The chosen classifier is the Naive Bayes algorithm (see Chapter 3, Supervised Machine Learning) and the labeled text (positive, negative sentiment) is taken from the NLTK.corpus of movie_reviews. To install it, open a terminal in Python and install movie_reviews from corpus:

nltk.download()--> corpora/movie_reviews corpus

Deleting an already performed query

Since we can specify different parameters (such as the feature selection method, the number of best words, and so on), we may want to perform and store again the sentiment of the reviews with different values.

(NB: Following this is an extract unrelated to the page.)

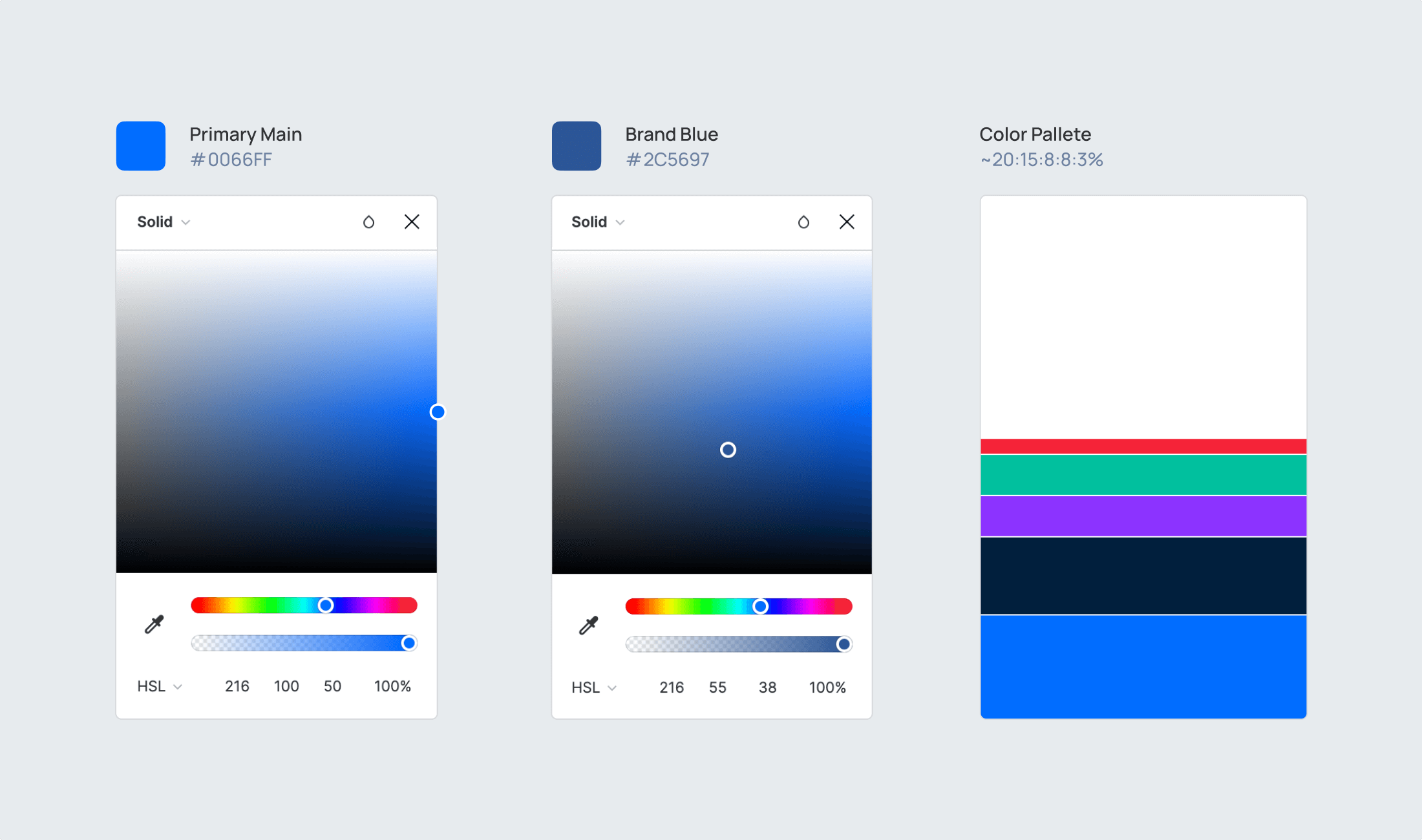 What's for the corporate color palette — I retained the main color but suggested a slight refresh. Additionally, I designed a system of additional interface colors to indicate errors, success, and user progress. It is worth noting that unsatisfactory results were highlighted in violet within the interface, rather than red. This was a deliberate decision to avoid excessive user annoyance (as red can be challenging to perceive). Red was reserved for cases where it was truly crucial, such as errors requiring special attention.

The delete_query command is needed for this purpose and it is as follows:

from pages.models import Link,Page,SearchTerm
from django.core.management.base import BaseCommand, CommandError
from optparse import make_option

class Command(BaseCommand):
    option_list = BaseCommand.option_list + (
                make_option('-s', '--searchid',
                             dest='searchid', type='int',
                             action='store',
                             help=('id of the search term to delete')),)

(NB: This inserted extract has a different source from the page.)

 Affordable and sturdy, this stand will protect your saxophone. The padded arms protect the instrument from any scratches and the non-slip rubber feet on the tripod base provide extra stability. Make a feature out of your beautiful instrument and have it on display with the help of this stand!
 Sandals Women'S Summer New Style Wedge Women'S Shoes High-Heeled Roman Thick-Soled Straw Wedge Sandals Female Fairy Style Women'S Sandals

    def handle(self, *args, **options):
         searchid = options['searchid']
         if searchid == None:
             print "please specify searchid: python manage.py --searchid=--"
             #list
             for sobj in SearchTerm.objects.all():
                 print 'id:',sobj.id,"  term:",sobj.term
         else:
             print 'delete...'
             search_obj = SearchTerm.objects.get(id=searchid)
             pages = search_obj.pages.all()
             pages.delete()
             links = search_obj.links.all()
             links.delete()
             search_obj.delete()

If we run the command without specifying the searchid (the ID of the query), the list of all the queries and related IDs will be shown. After that we can choose which query we want to delete by typing the following:

python manage.py delete_query --searchid=VALUE

We can use the cached sentiment analysis model to show the user the online sentiment of the chosen movie, as we explain in the following section.

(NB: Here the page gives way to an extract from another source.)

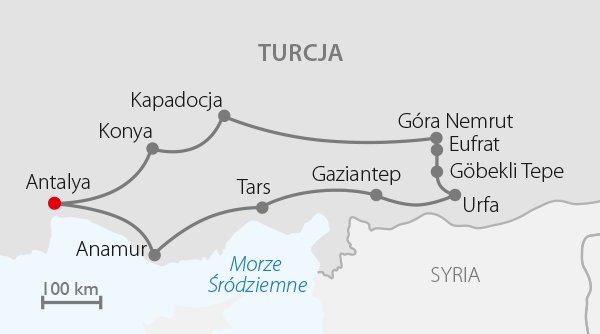 Wspaniała przyroda, zabytki światowej klasy wpisane na Listę Światowego Dziedzictwa UNESCO. Na trasie księżycowe krajobrazy Kapadocji, widoki z góry Nemrut z posągami o okrytych tajemnicą dziejach, miejsca związane z życiem proroka Abrahama, oryginalna „Turecka Noc” w jaskini. Zdecydowanie godne polecenia są ciekawe propozycje imprez fakultatywnych: lot balonem nad Kapadocją i taniec wirujących derwiszów. Fantastyczna oferta na wypoczynek po zwiedzaniu: tureckie hotele są znane z dobrego standardu i wysokiego poziomu all inclusive.

Sentiment reviews analyser – Django views and HTML

Most of the code explained in this chapter (commands, Bing search engine, Scrapy, and Django models) is used in the function analyzer in views.py to power the home webpage shown in the Application usage overview section (after declaring the URL in the urls.py file as url(r'^$','webmining_server.views.analyzer') ).

def analyzer(request):
    context = {}

    if request.method == 'POST':
        post_data = request.POST
        query = post_data.get('query', None)
        if query:
            return redirect('%s?%s' % (reverse('webmining_server.views.analyzer'),
                                urllib.urlencode({'q': query})))   
    elif request.method == 'GET':
        get_data = request.GET
        query = get_data.get('q')
        if not query:
            return render_to_response(
                'movie_reviews/home.html', RequestContext(request, context))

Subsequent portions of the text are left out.